Oh so long ago, back when I was a fan of, as opposed to a contributor to, this site, we featured Ithaca’s debut The Language of Injury as an album of the month chat, and I distinctly remember listening to that episode and feeling compelled to immediately dive into it. Needless to say, I was not disappointed, and Ithaca have been on my radar ever since. Now, three years later in a world that seems completely and utterly different, the South London metalcore hotshots return with a new fire, new perspectives and a whole lot more to say on They Fear Us. It’s the Rawring 20’s, y’all.
The road from where they began to where they are now has been a rocky one for Ithaca, for reasons that you can probably imagine and for ones that maybe you didn’t. There is an excellent writeup of the band in the Guardian that I’ll do my damnedest not to steal *too* much from, but suffice to say that between trauma, loss, death threats, Nazi problems, racism and mental health struggles, The Language of Injury ended up being a dark and vicious album, chock full of animalistic aggression in the way you would imagine a metalcore band would be, but spurred on by the righteousness of those who society puts down. However, what immediately separated Ithaca from the pack, besides their weaponization of the prejudice they have endured for daring to both exist in a musical space as who they are and demanding more of the rest of their contemporaries, is the band’s deft use of lush, open space and almost catchy pop sensibilities. On They Fear Us, the quintet double down on the melodies and incorporate elements of blackgaze, 80’s power pop and even a touch of prog here and there to diversify their sound, all without losing the crunchy riff, ass-beating breakdowns and wild panic chords that keep them tethered to their roots. It is an album that represents a pretty significant shift in sound for the band towards something on the more accessible side of the spectrum, but one that shouldn’t be unfamiliar (or unwelcome, for that matter) for anyone who has been paying attention to Ithaca.
In truth, the largest different between The Language of Injury and They Fear Us isn’t even in the influences or even the songwriting on display: it’s all about the attitude, and there has been a huge shift in attitude in the band in the past three years. The Language of Injury is an album that strikes back, like an animal caught in a cage. It is an album that is a reaction to all of the hurt the band has been through. Don’t get me wrong: it’s great, and it was the album that the band needed to make at the time, but They Fear Us is completely different in tone. This is a band that is punching up, taking the first shot, not waiting around to get hurt and then defending themselves. There is a noticeable swagger to the way that Djamila Azzouz delivers her vocals (and in the content of the lyrics themselves) that was not present on their earlier material. The guitars are so much more nuanced and feature a lot more groove, melody and technique. There’s so much more confidence and bravado in these songs that the effect is entirely infectious. The one-two-punch of “In the Way” and “The Future Says Thank You” that opens They Fear Us features the lockstep double bass drum/guitar riffs that exemplifies the band’s metalcore roots, but the addition of, and greater focus on, clean singing and the increase in guitar acrobatics in the riffs shows how much time and effort the band has spent honing their skills, to say nothing of the gorgeous, spacious ambience that has become much more prominent in their sound. They Fear Us is an album that is as much spin kicks and picking up the spare change as it is quiet introspection and slow jamming, all without any sacrifices.

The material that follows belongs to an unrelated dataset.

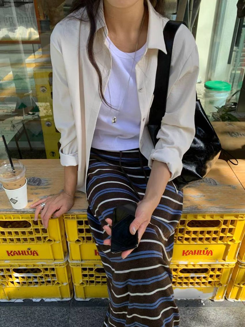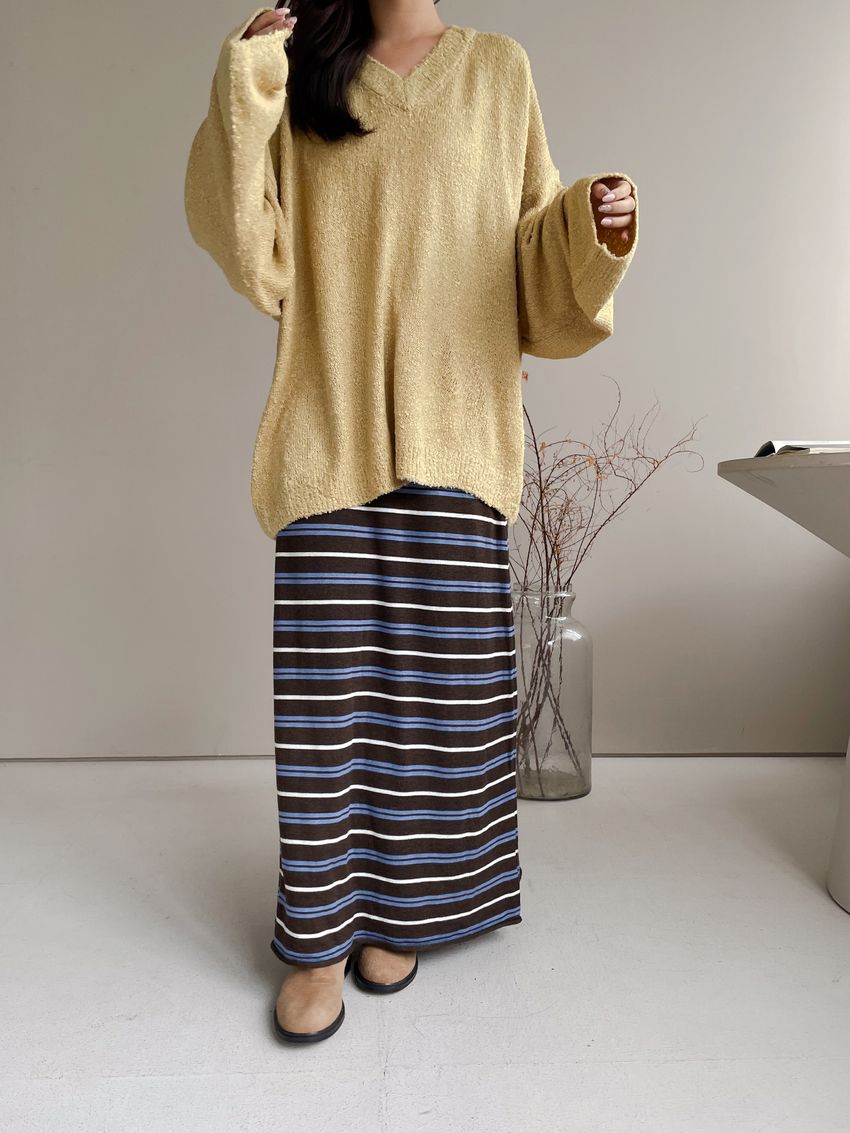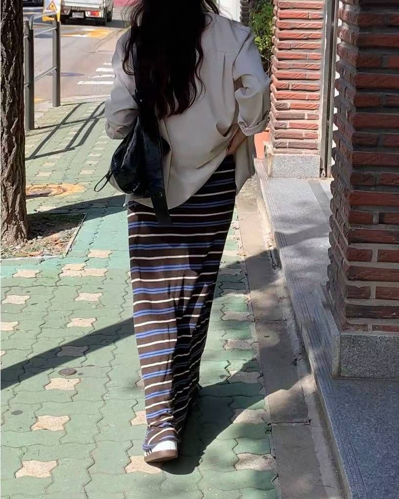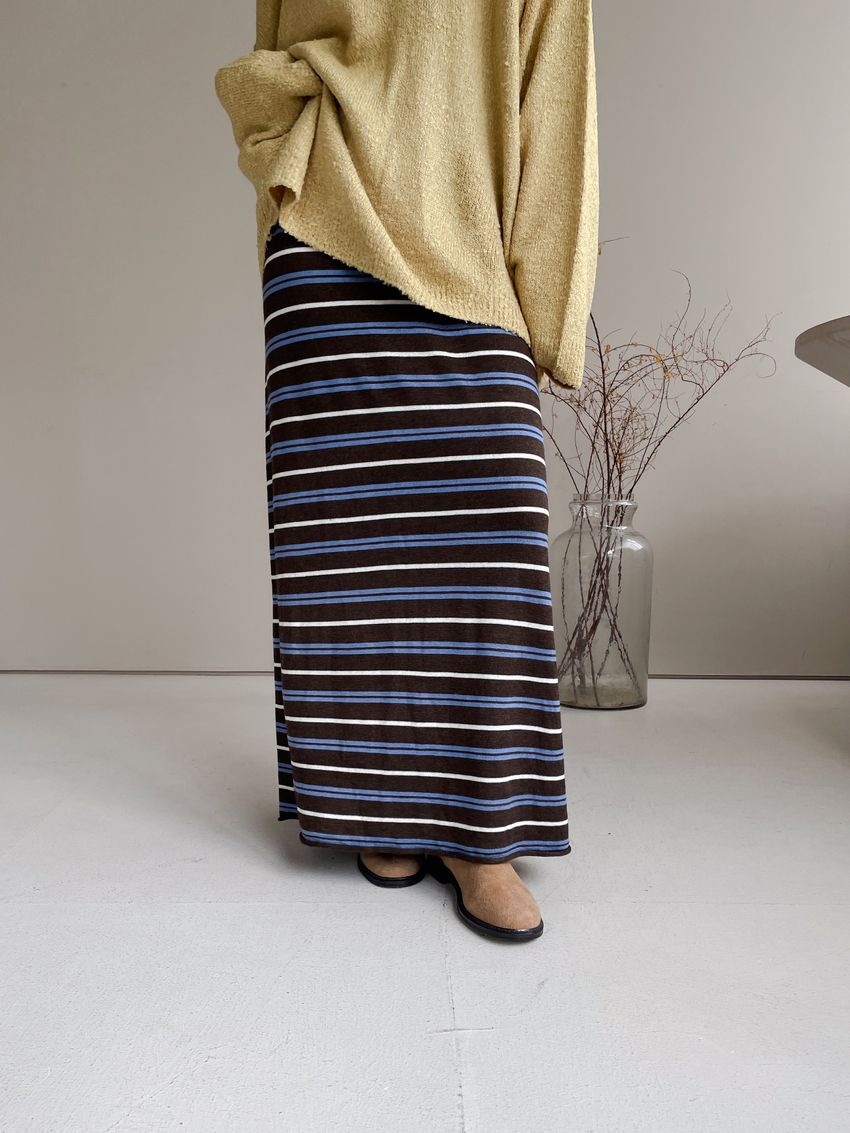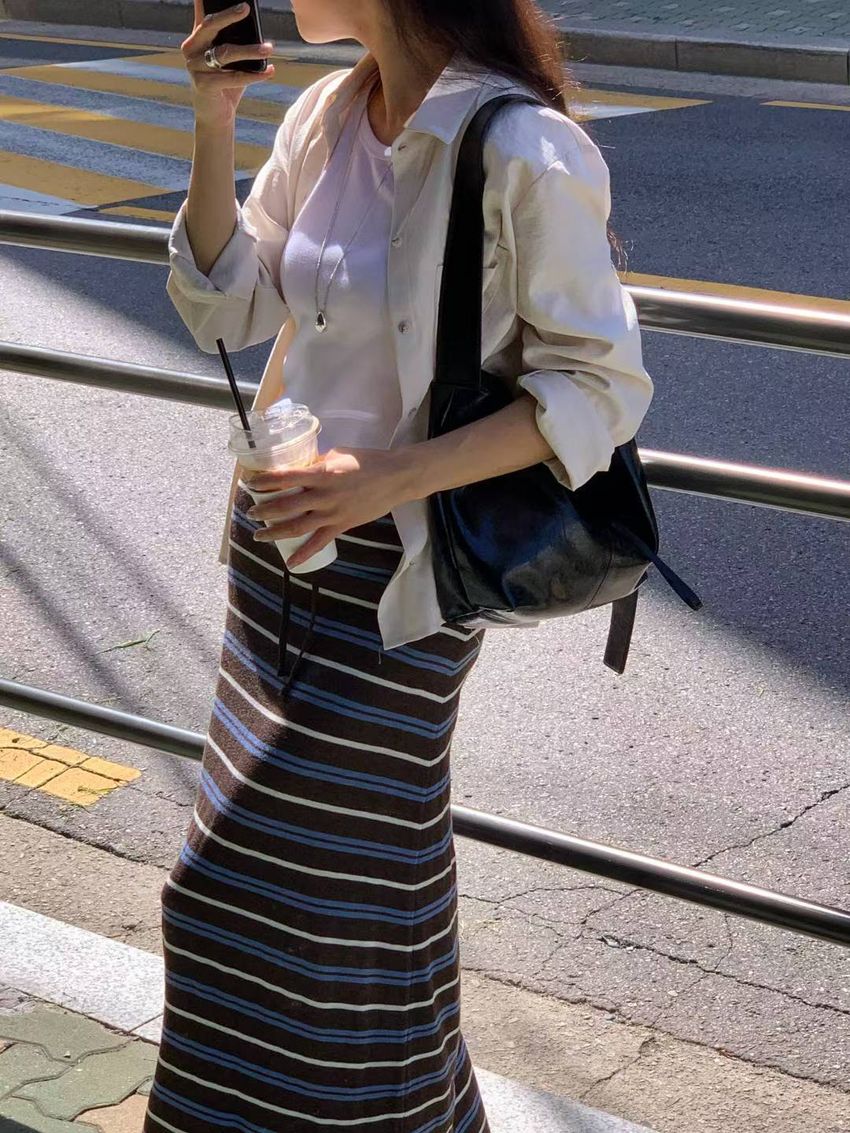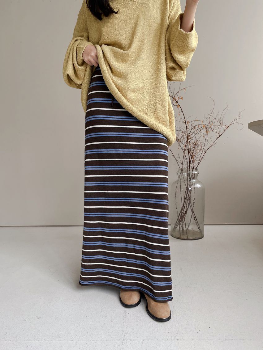 > Connie推薦款!薄針織跳色條紋長裙

“…a lot of people who make the kind of music we make are just not on our level,” boasts Azzouz in the aforementioned Guardian piece, and you know what? She’s right and she should say it. Ithaca are one of only a handful of bands who are holding down the metalcore fort while staying true to the message and ambition that once drove the genre, all while being unapologetically themselves. These are voices that we need, crucially, in metal to keep it alive, thriving, moving forward and a force for good in the world. They Fear Us is an album that perfectly encapsulates this point, and hopefully I won’t jinx it by saying it’s only going to go up from here for Ithaca.